Cabrini University Closing, Students Transfer

This is the last semester for students to be enrolled in Cabrini University, before Villanova assumes ownership.  

Due to a decline in enrollment and financial challenges, Cabrini University decided to permanently close after the 2024 Spring semester. Instead of letting the 66-year-old University’s legacy end, they decided to join Villanova as a partner institution. Villanova vows to keep Cabrini’s mission. 

Sakim Howard, a junior at Cabrini University, describes the experience of transferring his senior year: “I feel like it’s a headache,”. 

Students found out about the devastating news last June over an email, stating that Villanova will continue to honor Cabrini’s legacy. When the email was sent, students had to quickly make the decision if they wanted to stay for Cabrini’s last year or transfer immediately. 

Students expressed sadness over this drastic change in their life. A first-year student at Cabrini University, Gabbie, had this to say about having to transfer: “It’s really sad. This is where I wanted to go for the next four years and now no one’s here and I have to find somewhere else to go.” 

For students that are not graduates of 2024, they are forced to transfer schools. Cabrini University has partnered with four different institutions to help make the transfer smoother for students. Ursinus College, Holy Family University, Gwynedd Mercy University, and Eastern University will accept all previous credits earned at Cabrini, continuing to teach Cabrini’s curriculum, and matching Cabrini’s tuition, as well as financial aid help.  

Students that want to move with Cabrini and go to Villanova, Villanova will waive the fees to apply and enable quick decisions for appliers. The Center of Student Success at Cabrini will help and support students applying for schools that are not involved in the partner institutions, creating transfer plans for each student. 
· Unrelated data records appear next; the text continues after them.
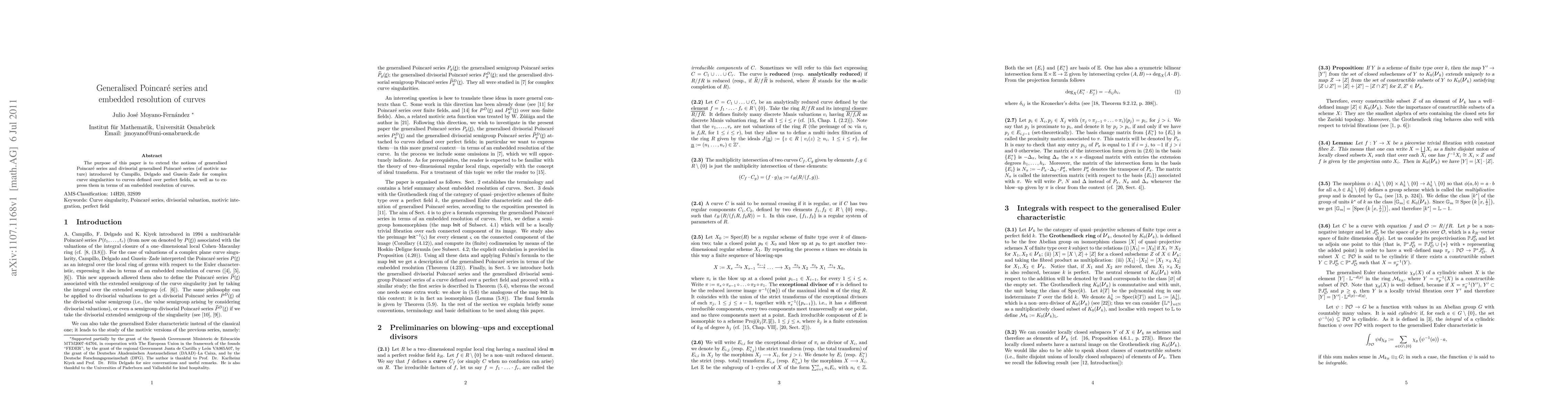 This paper extends the generalised Poincaré series and divisorial generalised Poincaré series for complex curve singularities to curves over perfect fields and relates them to embedded resolutions of the curves.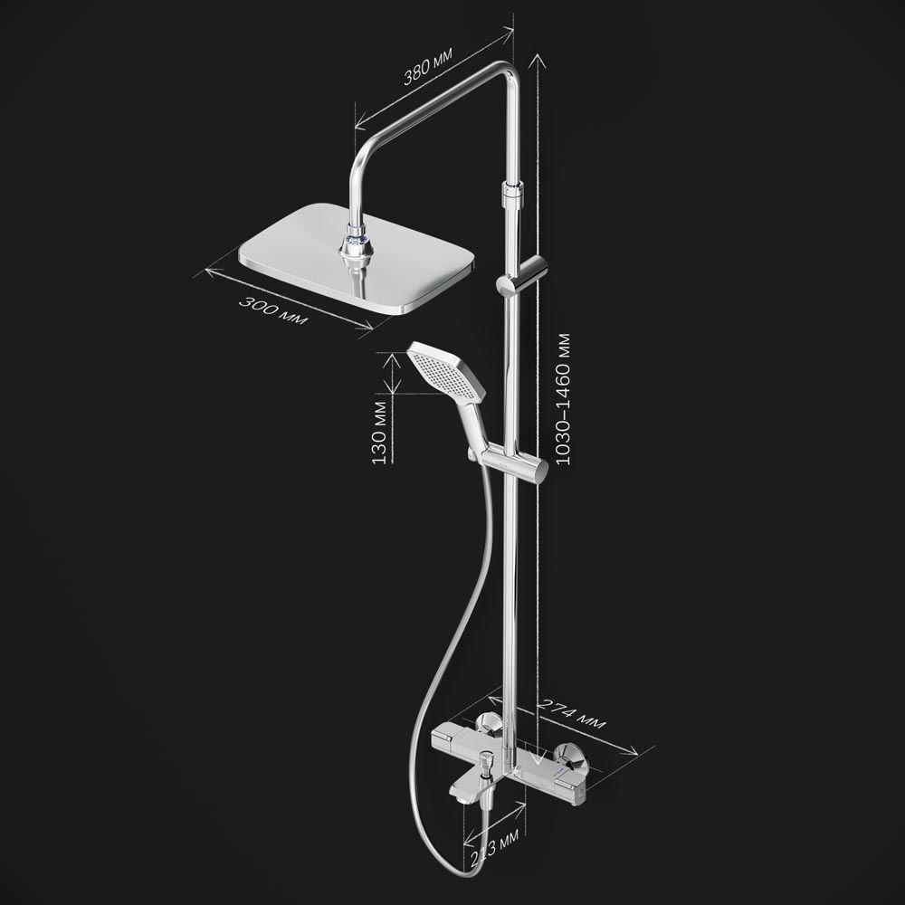 <li>Высота душевой штанги: 1030-1460 мм.</li>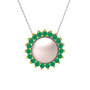 Pembe inci ve kök zümrüt 14 ayar altın kolye (40 cm beyaz altın rolo zincir)

Lanie, a freshman at Cabrini, explained how the school is helping all the students transferring. “If you’re really not going to one of the partner schools, they kind of just like put you out on your own so you have to do it all yourself, but if you are, they just do everything for you basically.” 

One student that transferred to St. Joe’s after she heard the news, described the email as, “a punch in the gut,.” Kerrianne King, a junior now, described how it felt to transfer to a different school: “There were so many Cabrini kids that transferred. They were all in the same boat because the atmosphere at St. Joe’s and Cabrini was totally different.” 

Cabrini’s campus is mostly empty this year because, like King, most students transferred once they heard the news. For the students remaining, this will be their last year.  

“I was really excited to come here at first and now it’s just kind of ruined my first year of college experience because there’s maybe like 40 people on campus,” said Lanie.